Messe "Zukunftsbezirk Donaustadt" zum Arbeitsmarkt

WAFF Stand mit Infoservice bis 23. April im Donauzentrum

Wien (OTS) - Bis einschließlich 23. April findet unter dem Titel "Zukunftsbezirk Donaustadt" im Donauzentrum auch heuer wieder eine umfangreiche Informations- und Leistungsschau des Bezirks statt. Die Messe, die auf eine Initiative von Bezirksvorsteher Franz Karl Effenberg zurückgeht, steht dieses Jahr ganz im Zeichen des Themas Arbeitsmarkt. Bereits im Vorjahr hat die Veranstaltung 151 zusätzliche Lehrstellen gebracht. Auf
http://www.zukunftsbezirk-donaustadt.at/ wurde daher heuer für
Arbeits- und Lehrstellensuchende ein eigenes Portal geschaffen. Der Wiener ArbeitnehmerInnen Förderungsfonds (WAFF) bietet auf seinem Stand umfassendes Service und Information über vielfältigen Maßnahmen und Programmen für Berufstätige, Arbeitssuchende und Unternehmen. Die Palette reicht dabei von Qualifizierungs - und Weiterbildungsprogrammen sowie Maßnahmen für spezifische und besonders benachteiligte Zielgruppen, wie Frauen und Jugendliche, bis hin zu neuen Jobchancen im Fall von Arbeitslosigkeit.****

Scheed: "Hauptanliegen ist Verhinderung von Arbeitslosigkeit"

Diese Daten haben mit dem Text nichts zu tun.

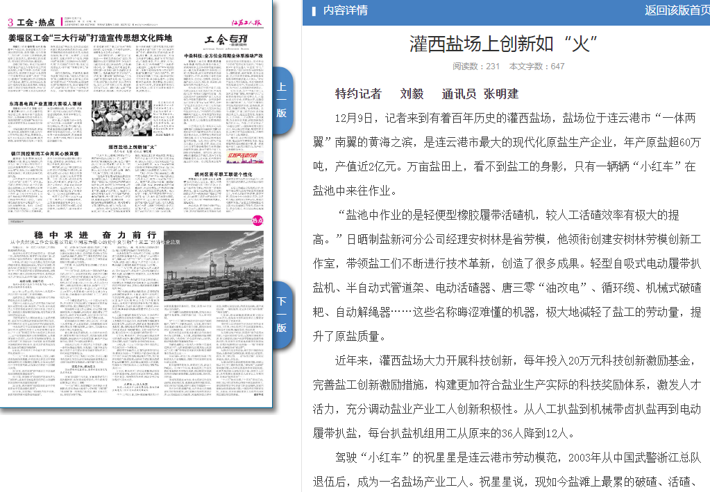 駕駛“小紅車”的祝星星是連云港市勞動模范,2003年從中國武警浙江總隊退伍后,成為一名鹽場產業工人。祝星星說,現如今鹽灘上最累的破碴、活碴、扒鹽、收放塑布都是機械化操作,高強度制鹽工作都被機械取代,極大地減輕鹽工勞動負荷。剛到鹽場工作時,祝星星跟著師傅王新東學習制鹽工藝,長年累月地風吹日曬,祝星星早已沒有當年的白凈膚色,收獲的是成熟的工作經驗,成長為制鹽技術“大拿”,創新“傳統海鹽+新式工藝”生產模式、“216”式單池加鹵法,實現了鹽業生產技藝上的一次次變革。(特約記者 劉毅 通訊員 張明建)
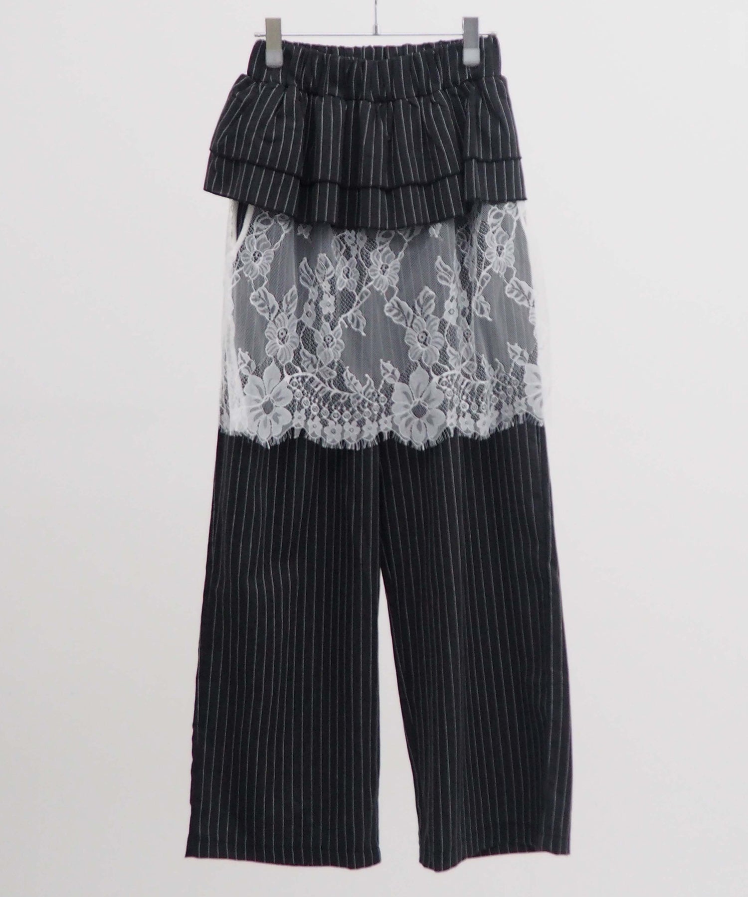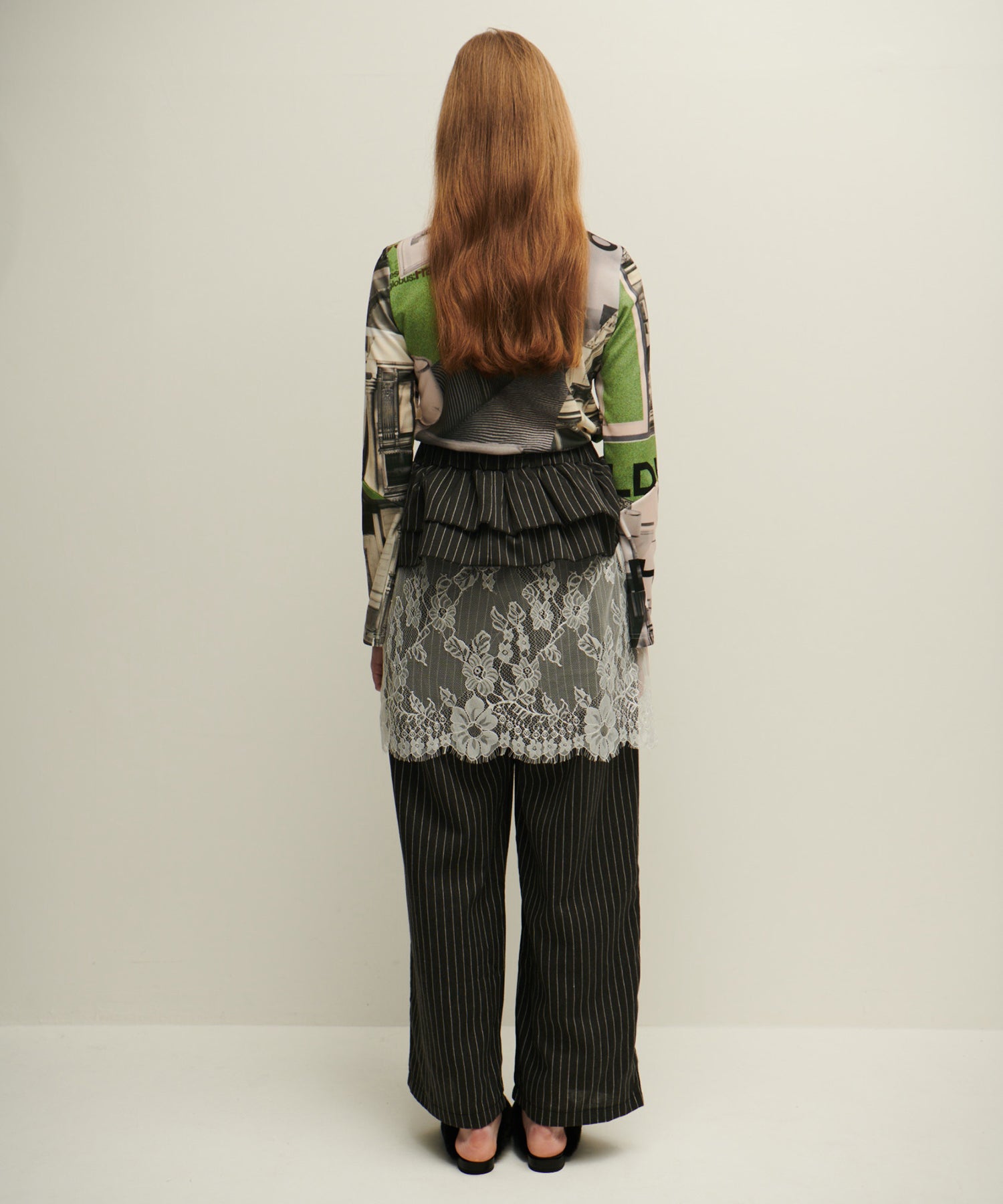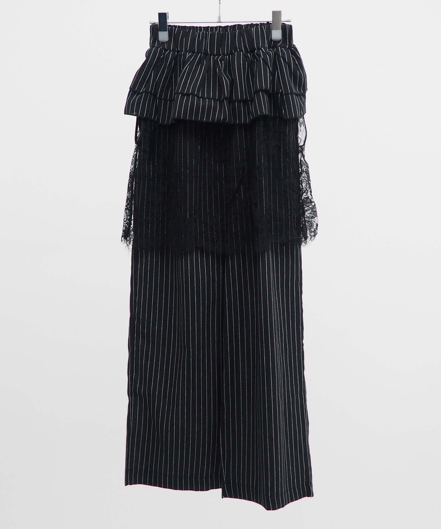 ストライプ生地を使用したフリル装飾、透け感のあるシアー素材を使用したスカート部分で構成されています。

Der Vorstandsvorsitzende des Wiener ArbeitnehmerInnen Förderungsfonds, SP -LAbg. Norbert Scheed stand Mittwoch Nachmittag den BesucherInnen nicht nur für Fragen zur Verfügung, sondern stellte auch aktuelle Programme und Maßnahmen des WAFF vor. Scheed unterstrich dabei die Bedeutung zielgerichteter Information als wesentlicher Teil einer aktiven Arbeitsmarktpolitik. Scheed: "Die zahlreichen Programme zur Förderung von ArbeitnehmerInnen , die der WAFF anbietet, greifen nur dann, wenn wir die Information direkt zu den Menschen, in die Bezirke und Grätzl bringen." Veranstaltungen wie "Zukunftsbezirk Donaustadt" tragen entscheidend dazu bei, diese Bringschuld zu erfüllen."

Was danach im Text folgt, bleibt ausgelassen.